The Chemist pushed his plate away, and, rising from the table,
walked across the room to where the old man stood looking at a
little sprig of holly in his hand.
"It recalls the time when many of those years were old and new,
then?" he said, observing him attentively, and touching him on the
shoulder. "Does it?"
"Oh many, many!" said Philip, half awaking from his reverie.
"I'm eighty-seven!"
"Merry and happy, was it?" asked the Chemist in a low voice.
"Merry and happy, old man?"
"Maybe as high as that, no higher," said the old man, holding
out his hand a little way above the level of his knee, and looking
retrospectively at his questioner, "when I first remember 'em!

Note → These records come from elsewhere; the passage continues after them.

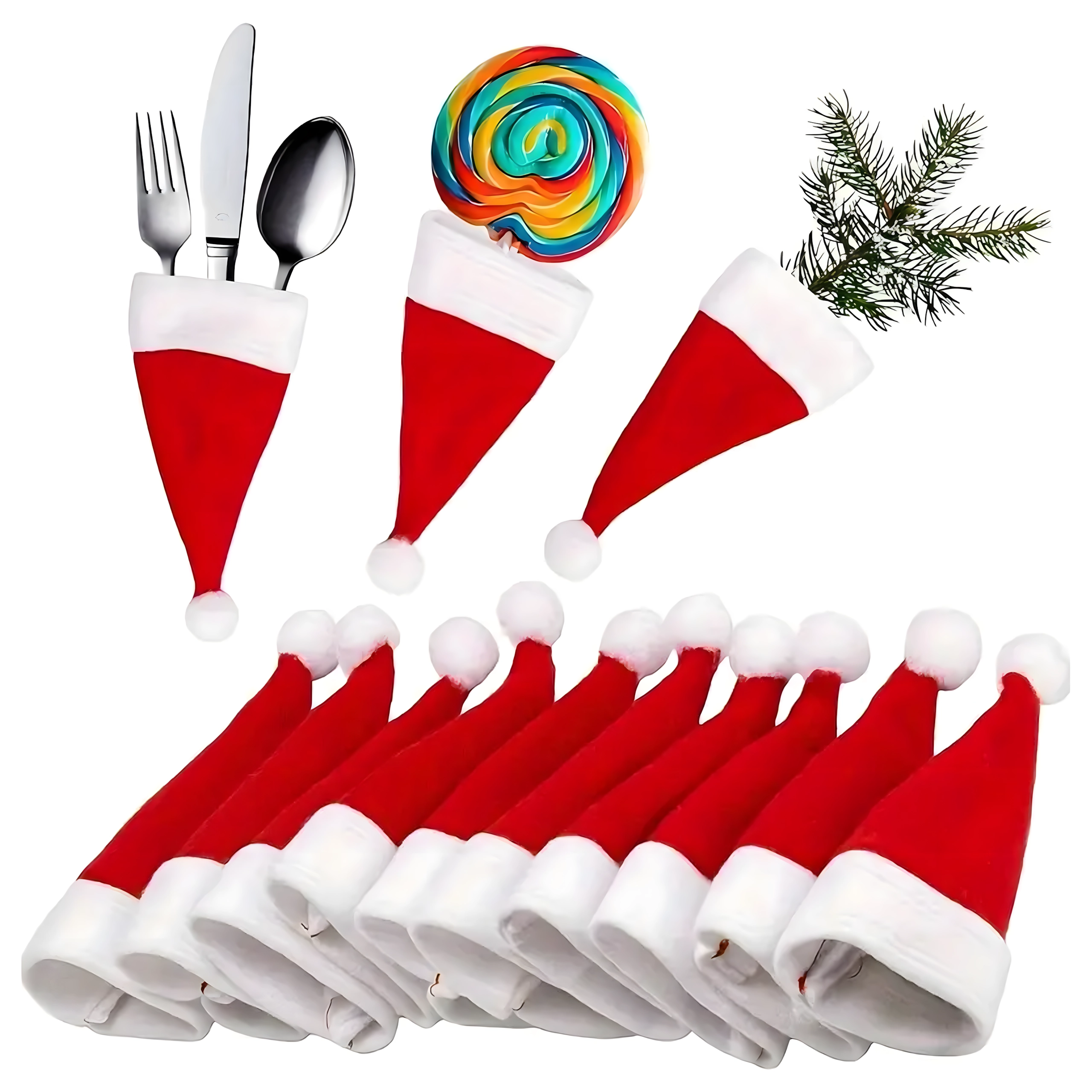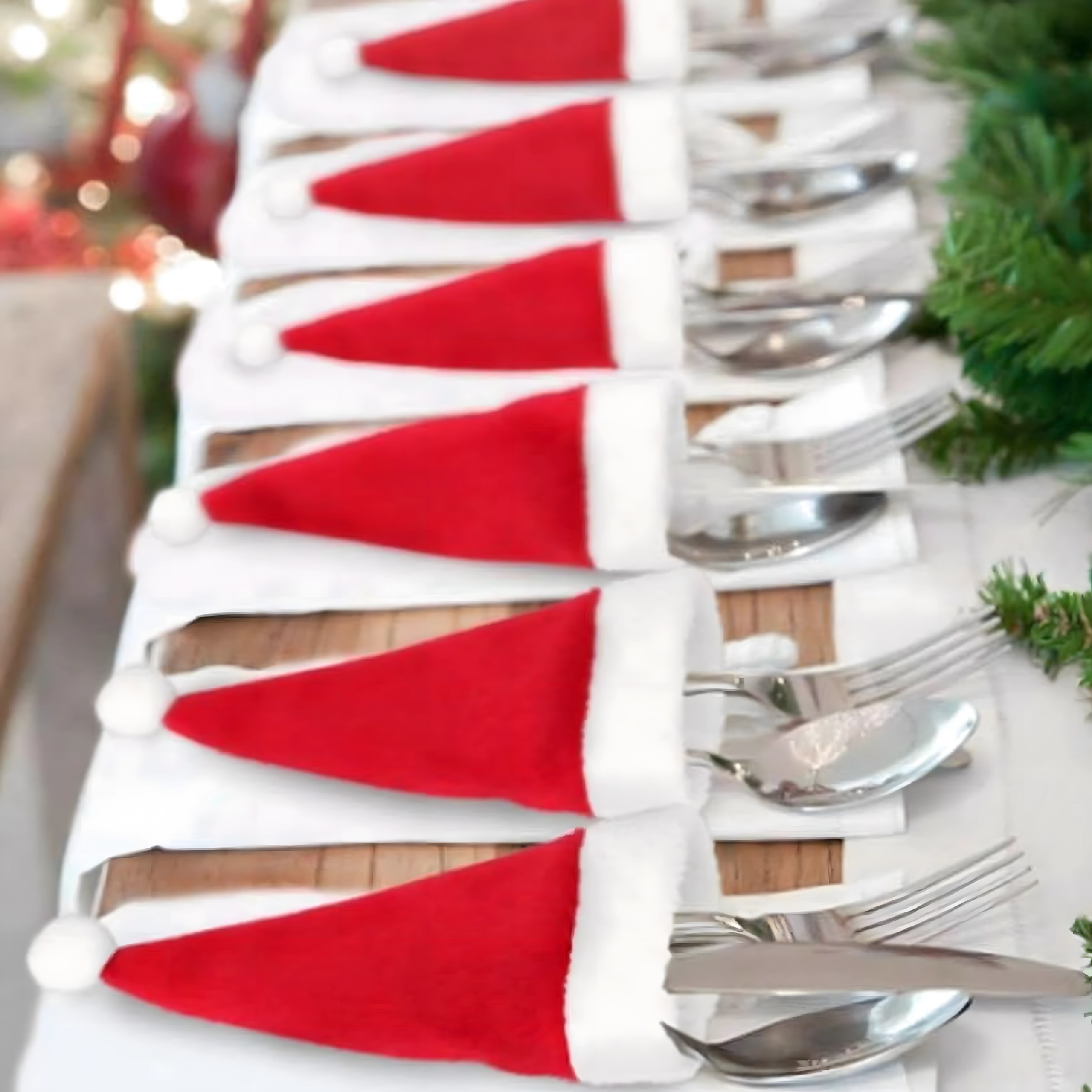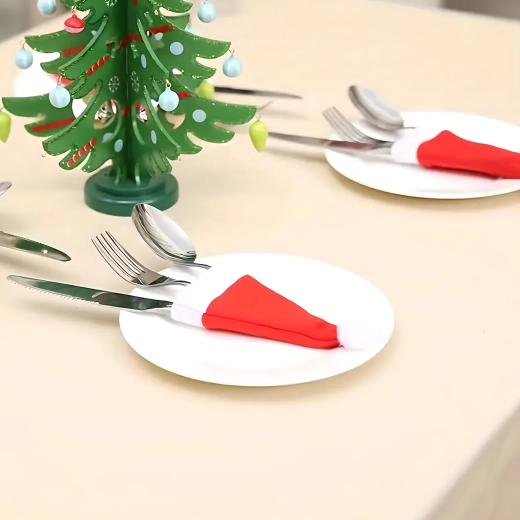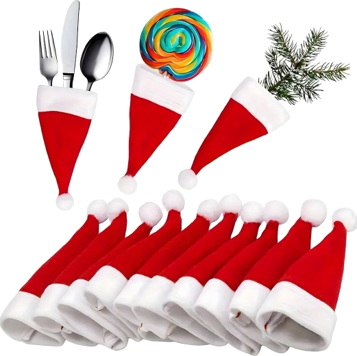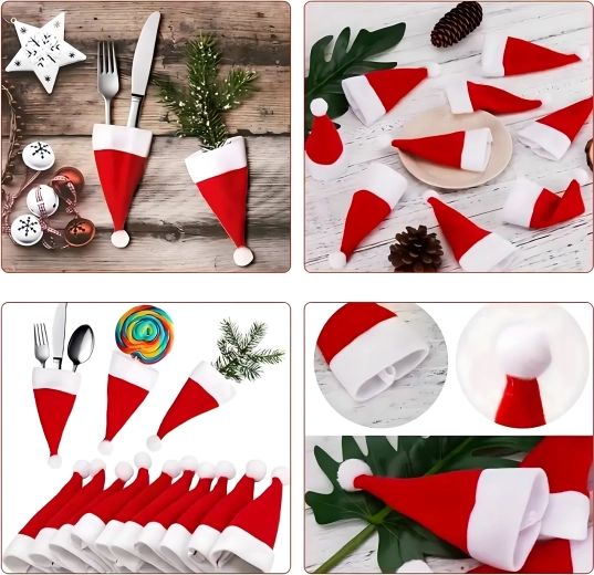Skab julestemning derhjemme med de søde SANTA-nissehuer, som elegant organiserer bestik og samtidig pynter enhver tallerken. Det bløde tekstilmateriale er behageligt at røre ved, lommerne er holdbare og lette at vedligeholde ved vask.
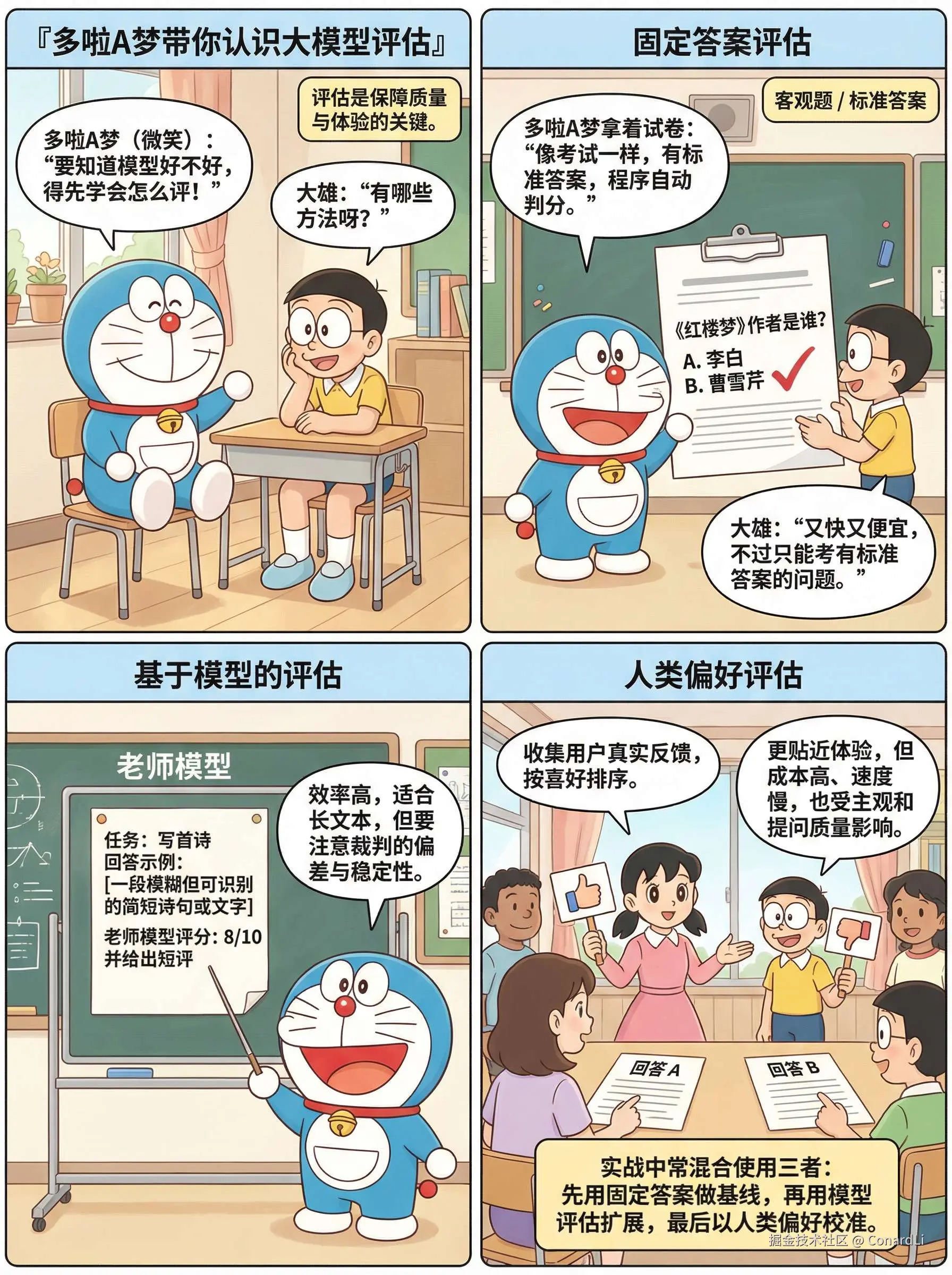 基于模型的评估:让一个能力更强、更受信任的模型作为"裁判",去评判其他模型的回答质量。比如针对作文题(比如"写首诗"),没有标准答案。然后请一个更强的模型当老师,给小模型的作文打分。虽然有点"套娃",但这是目前评估长文本效率最高的方法。
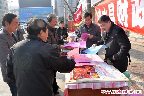 財(cái)政局宣傳點(diǎn)為群眾分發(fā)材料
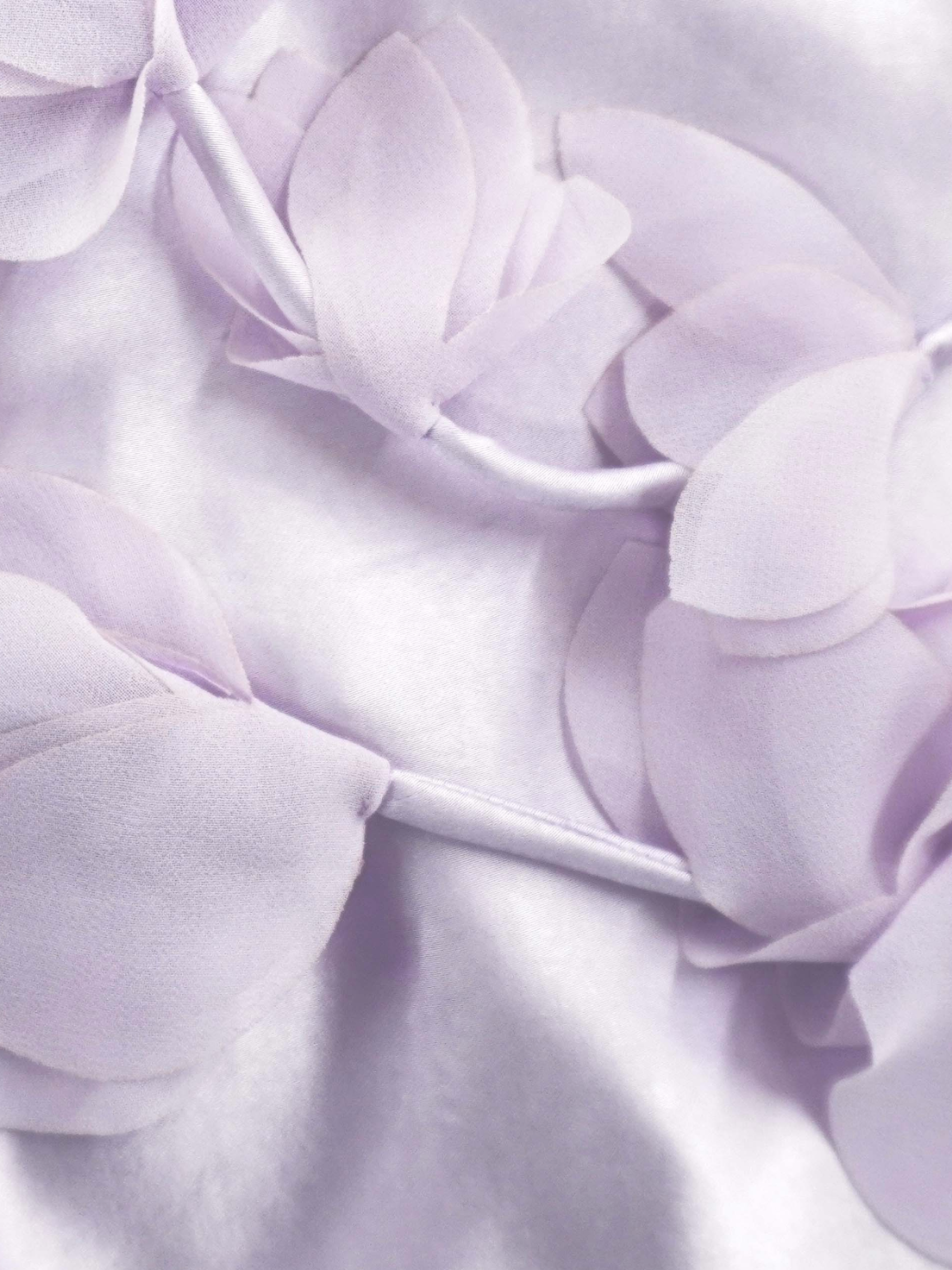 This satin dress exudes understated elegance with its minimalist silhouette and flowing maxi skirt. Highlighted by bust detailing, delicate floral motifs add extra romance to the ethereal look.

Cold, sunshiny day it was, out a-walking, when some one - it was my
mother as sure as you stand there, though I don't know what her
blessed face was like, for she took ill and died that
Christmas-time - told me they were food for birds. The pretty
little fellow thought - that's me, you understand - that birds'
eyes were so bright, perhaps, because the berries that they lived
on in the winter were so bright. I recollect that. And I'm
eighty-seven!"
"Merry and happy!" mused the other, bending his dark eyes upon
the stooping figure, with a smile of compassion. "Merry and happy -
and remember well?"
"Ay, ay, ay!" resumed the old man, catching the last words. "I
remember 'em well in my school time, year after year, and all the
merry-making that used to come along with them. I was a strong chap
then, Mr. Redlaw; and, if you'll believe me, hadn't my match at
football within ten mile. Where's my son William? Hadn't my match
at football, William, within ten mile!"
"That's what I always say, father!" returned the son promptly,
and with great respect. "You ARE a Swidger, if ever there was one
of the family!"
"Dear!" said the old man, shaking his head as he again looked at
the holly. "His mother - my son William's my youngest son - and I,
have sat among 'em all, boys and girls, little children and babies,
many a year, when the berries like these were not shining half so
bright all round us, as their bright faces. Many of 'em are gone;
she's gone; and my son George (our eldest, who was her pride more
than all the rest!) is fallen very low: but I can see them, when I
look here, alive and healthy, as they used to be in those days; and
I can see him, thank God, in his innocence. It's a blessed thing to
me, at eighty-seven."
The keen look that had been fixed upon him with so much
earnestness, had gradually sought the ground.